Sand Layers, laminations or sandy stripes
These Sandy Stripes show laminations form quickly

This week’s feedback deals with the place and limits of ‘scientific’ explanations within the biblical worldview. Dr Don Batten and Shaun Doyle respond.

Richard M., a frequent antagonist from the United States, writes in response to the article The illusion of millions of years:

Dear CMI

In this article, you say that “Computer modeling and sedimentation experiments indicate that such a Flood can easily explain the rock layers.” The only way that you can draw any conclusion, especially your foregone one, from such experiments is to make uniformitarian assumptions.

CMI’s Dr Don Batten responds:

Dear Richard,

Hello for 2011. I hope you have a good one.

You say, “The only way that you can draw any conclusion, especially your foregone one, from such experiments is to make uniformitarian assumptions.”

This rate is much higher than any observed today (there is no global flood happening at present!), and hence contradicts uniformitarianism.

What do you mean by “uniformitarian”? Here is a definition of the term, which is historically correct, from none other than Talk Origins: “The name coined by William Whewell in 1832 to describe a view in geology championed by Charles Lyell that the rate and mechanisms of geological change operating in the modern era are sufficient to explain changes in the past.”

Note: uniformitarianism involves not just the mechanism but the rate as well. Obviously the flume tank experiments and comparisons with laminated rock layers provide evidence for a mechanism and also an indication of how quickly such laminations can form (things that have not been appreciated until recently). However, only by modelling the effect of a global covering of water on the speed of water currents can this be used to explain the rock layers formed during the Flood. This rate is much higher than any observed today (there is no global flood happening at present!), and hence contradicts uniformitarianism. Uniformitarianism is a dogma that is questioned by even many non-creationist geologists today. Nevertheless, that dogma is the origin of the deep-time thinking that pervades thinking today.

Regards,

Don Batten


Randy S. from the United States writes in response to Dr John Hartnett’s book review Heretic challenges the giants!:

On to your reference #1:

1.”The starlight-travel-time problem could stilled be explained with a supernaturally imposed time dilation event on Day 4 of Creation Week when God created the Universe. I first suggested this … .”

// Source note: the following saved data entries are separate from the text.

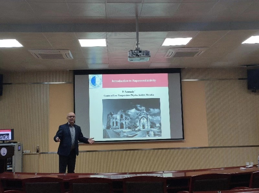 座谈结束后,Peter教授面向玛丽女王yl7703永利本科生进行“Introduction to Superconductivity”的讲座交流。Peter教授首先简单介绍了斯洛伐克及其文化背景,随后详细介绍了斯洛伐克科公司的发展历史,现阶段公司团队、教学以及科研等基本情况,特别介绍了斯洛伐克低温物理中心研究内容、超导材料相关文献和该院诺贝尔奖获得者有关情况,详细说明了不同种类超导材料的制备过程、其优异特性和未来发展方向。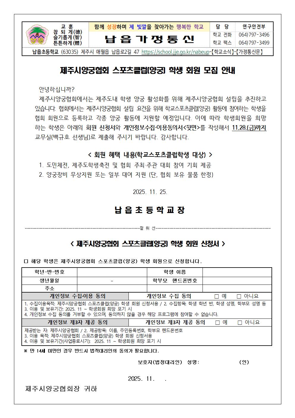 (가정통신문) 제주시양궁협회 스포츠클럽(양궁) 학생 회원 모집 안내.hwp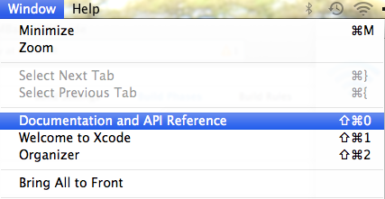 In Xcode, click Window menu, and then click Documentation and API Reference.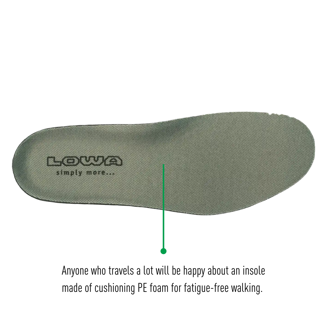 LOWA insoles aids the transportation of moisture away from the foot. The LOWA insole range minimizes friction and reduces fatigue in conjunction with LOWA's own patented climate control system.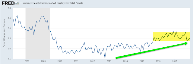 Real (inflation adjusted) GDP growth through 3Q17 was 2.3% yoy. 2.5-5% was common during prior expansionary periods prior to 2006.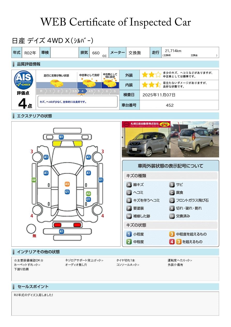 日産車は勿論のこと他メーカーでもコンパクト車からワゴン車まで幅広く展示中! 「くるまるく」店の中でもスケールの大きい店舗ですので、在庫数も豊富に常時90台~100台展示中! AIS評価書付車両(第三者評価書)も多数ございますので、ご安心ください♪ 安心の日産「ワイド保証」や「自社ピット」完備! スタッフ一同お待ち申し上げております^^ 全車走行メーター管理システム導入☆(日本オートオークション協議会)

However what you have failed to successfully explain is, 1) how our local system containing the miraculously created earth, Sun, and planets could possibly have been spared from complete vaporization caused by the enormous heat and harmful cosmic radiation generated by your Day 4 cosmic expansion event, and 2) how that event is anything short of a big bang in and of itself! (The question naturally arises: Why is ok for God to be involved in your big bang, but not the one standard cosmology asserts at the opening creation moment of everything?)

But Humphrey’s new model has the very same problem. The moment he mixes ‘timelessness’ and matter, he has conceded a big bang. Though he imagines a peaceful 13 billion year expansion, he has nonetheless postulated an enormous locally-if not cosmically-explosive situation.

By the way, is the creationist public fully aware that both your models contain the germ of vast eons of cosmic evolution, just like the standard big bang model? After all, you both assert the existence of galaxies, galaxy clusters, superclusters, and cosmic superstructures over 13 billion years old at the universe limits. Only our local system is truly 6000 years old to you.

Shaun Doyle responds:

It’s not a problem if God causes a time dilation event supernaturally. He is obviously going to take care of any natural consequences of any supernatural action he does because he supernaturally created the world to be inhabited (Isaiah 45:18). The difference between the Humphreys and Hartnett cosmologies and the orthodox big bang cosmology is that Humphreys and Hartnett base their understandings on a natural reading of Genesis 1 whereas the big bang doesn’t fit with the picture of Genesis 1 (See Christian apologists should abandon the big bang).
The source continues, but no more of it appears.